Patchy ill-defined centrilobular ground glass nodularity is a feature associated with several causes of PAH including idiopathic PAH (formerly known as primary pulmonary hypertension) in which histological studies have shown the nodules to reflect cholesterol granulomas at the site of obliterative small vessel changes (Figure 7). Such nodularity can also been seen in cases of long standing left to right heart shunts as well as a variety of interstitial lung diseases including subacute hypersensitivity pneumonitis and smoking related respiratory bronchiolitis. Centrilobular ground glass nodularity in association with PAH also raises the possibility of pulmonary capillary haemangiomatosis (PCH), a rare vascular proliferative condition characterised by multiple angiomatous capillary lesions (Figure 8). PCH carries a very poor prognosis without curative lung or heart-lung transplantation and conventional vasodilator therapy (which is widely used to treat other forms of PAH) should be avoided due to a risk of inducing fatal pulmonary oedema. Pulmonary venocclusive disease (PVOD), which is characterised by extensive fibrotic small venous occlusions (WHO group 1 diseases) can also manifest as diffuse ill-defined centrilobular ground glass nodularity. Key CT discrimators favouring PVOD over PCH and idiopathic PAH are the presence of widespread smoothly thickened interlobular septa and pleural effusions (35).
Sarcoidosis most often appears as upper lobe predominant peri-lymphatic distribution fine nodularity, typically along the fissures, bronchi and in the subpleural regions (Figure 8).
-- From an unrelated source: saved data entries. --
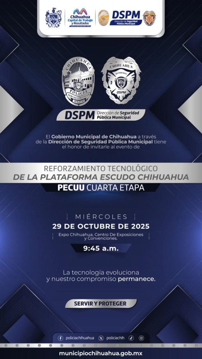 Mientras que Cruz Pérez Cuéllar y el Secretario de Seguridad Pública Estatal Gilberto Loya, andan discutiendo el tema de Centinela y expresando que se está politizando el tema, en Chihuahua el Director de la Municipal Julio César Salas y el alcalde Marco Bonilla, encabezarán el evento de reforzamiento de la Cuarta Etapa de la Plataforma Escudo Chihuahua (PECUU).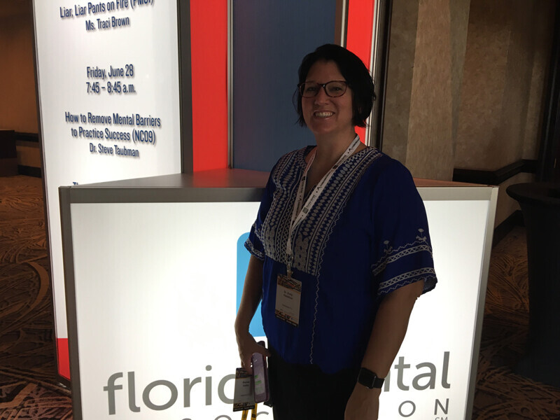 Dr. Holly Hamilton of Sebastian, Fla., outside the opening session Thursday morning during the FDC.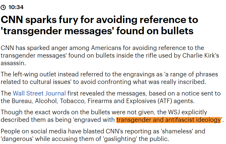媒体争议:CNN 报道时将子弹刻字轻描淡写为“文化口号”,遭社交平台抨击为“掩盖真相”。
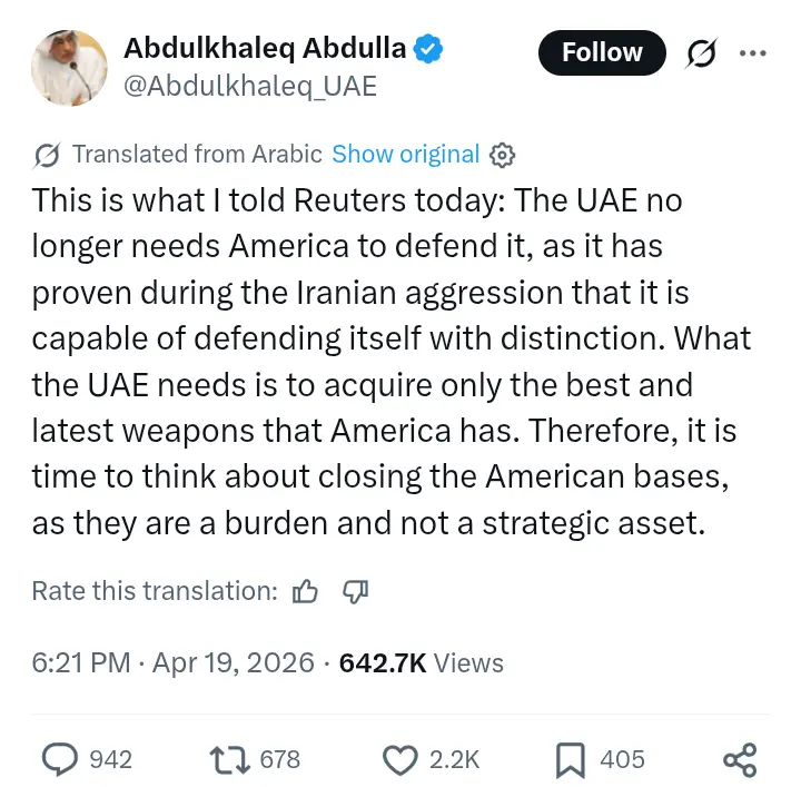 Describing American bases as a “burden” rather than a strategic asset, Abdulla suggested their continued existence may no longer align with the UAE’s evolving defense posture. His comments reflect a broader conversation within parts of the Gulf region about redefining long-standing security partnerships.

There may also be also more confluent “mass like” lesions and frequently there will be enlarged hilar and mediastinal lymphadenopathy, often containing fine “egg-shell” like calcifications. The most common forms of diffuse interstitial lung disease associated with PAH are usual interstitial pneumonia (UIP) which classically has a lower lobe predominance with subpleural honeycomb formation and non-specific interstitial pneumonia (NSIP) which manifests as diffuse regions of ground glass infiltration and scattered subpleural reticular changes (Figure 8).
CTPA is established as a core imaging investigation in the work-up of patients with known or suspected PAH. PAH may also initially be suspected based on specific CTPA features. CTPA enables a comprehensive assessment of both the lung parenchyma and pulmonary vasculature and the development of ECG-gating has enabled improved assessment of cardiac morphology including depiction of ASDs and PAPVR. Radiologists should be familiar with the role of CTPA in this setting and have a systematic approach to interpretation of these examinations in order to streamline the patient pathway.
Disclosure: The authors declare no conflict of interest.